Short-lasting postdictions are less of a problem for local recurrent theory, because it takes more time for the recurrent processing to spin up.  (The paper has a quick but fascinating discussion of the time it takes for information to get from the retina to the cortex and then to various regions, along with citations I may have to check out.)

It’s the long-lasting postdictions that are a problem for local recurrence.  The paper discusses images of pairs of vernier lines that are shown to test subjects.  The images are in various positions, changing every 50 ms or so across a period of 170-450 ms, resulting in a perception of the lines moving.

There are variations where one of the vernier lines are skewed slightly, but only on the first image, resulting in the subject perceiving the skew for the entire moving sequence, even though the verniers in the later images are aligned.  Another variation has two images, one early in the sequence and one toward the end, skewed in opposite directions, resulting in the two skewed images being averaged together and the averaged shape being perceived throughout the sequence.

The main takeaway is that the conscious perception of the sequence appears to be formed after the sequence.  Given the relatively lengthy sequence time of up to 450 ms, this is thought to exceed the time it takes for local recurrent processing to happen, and bleeds over into the ignition of global processing, representing a challenge for local recurrent theory.
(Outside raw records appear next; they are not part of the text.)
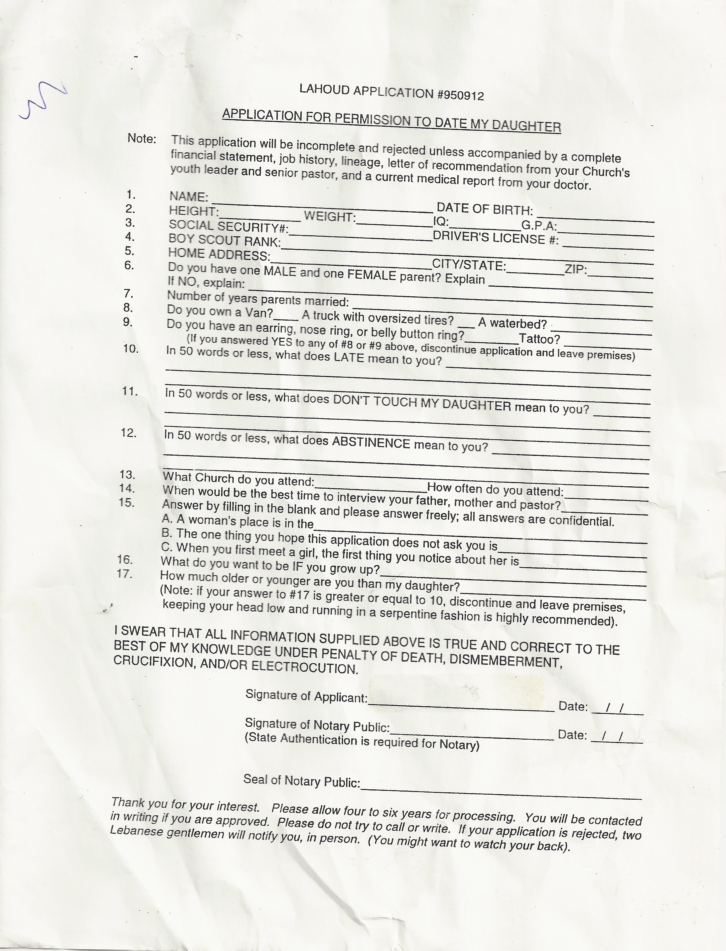 As a side note, I was cleaning one of my packed drawers a few days ago and ran into a very old, yet still valid, Lahoud Dating Application that I had made when boys started showing interest in Wadad and Jeanette (ya yes a long time ago). I am attaching it for your enjoyment and use … I am sure that Jad will use it “as-is” for Joya, especially that it already has the Lahoud name on it. 🙂
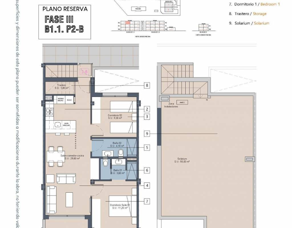 La promoción consta de 29 viviendas modernas de 2 o 3 dormitorios, diseñadas con líneas arquitectónicas limpias y acabados de alta calidad. Los compradores pueden elegir entre apartamentos en planta baja con jardín y terraza privados, viviendas en plantas intermedias con amplias terrazas o áticos con terraza privada y solárium en la azotea con vistas panorámicas. Muchas de las propiedades disfrutan de vistas al campo de golf Serena y al Mar Menor, lo que crea un entorno tranquilo y agradable.
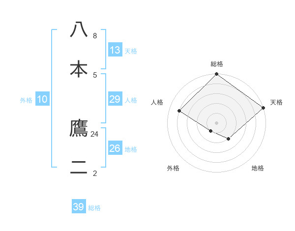 八本 鷹二さんの総格は39画の5点!
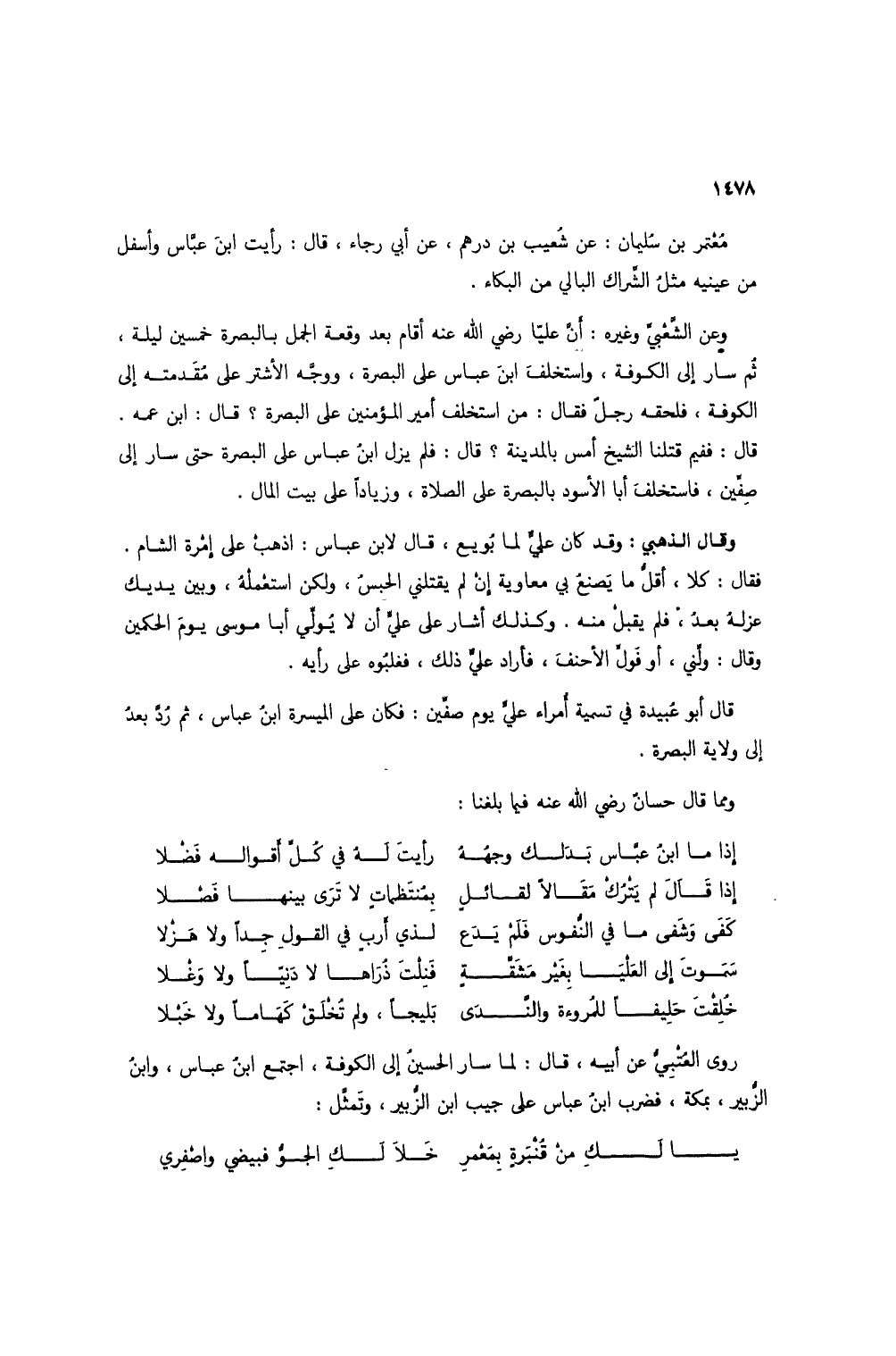 وعن الشعبي وغيره: أن علياً رضي الله عنه أقام بعد وقعة الجمل بالبصرة خمسين ليلة، ثم سار إلى الكوفة، واستخلف ابن عباس على البصرة، ووجه الأشتر على مُقدمته إلى الكوفة، فلحقه رجل فقال: من استخلف أمير المؤمنين على البصرة؟ قال: ابن عمه. قال: ففيم قتلنا الشيخ أمس بالمدينة؟ قال: فلم يزل ابن عباس على البصرة حتى سار إلى صفين، فاستخلف أبا الأسود بالبصرة على الصلاة، وزياداً على بيت المال.

The authors note that local theorists have two possible outs.  One is to say that, for some reason, the relevant local processing actually doesn’t happen in these sequences.  This would require identifying some other mechanism that unconsciously holds the intermediate images.  The other is to say that the images are phenomenally experienced, but then subsequently replaced in the access stage.  But this would result in phenomenal experience that has no chance of ever being reportable.  (What type of consciousness are we now talking about?)  And it would make local theories extremely difficult to test.

Interestingly, the authors note that the longer time scales may need to be reconciled with the ones in cognitive theories, such as the global neuronal workspace, which identifies 300 ms as a crucial point in conscious perception.  In other words, while this is an issue for local theories, it could be one even for global theories.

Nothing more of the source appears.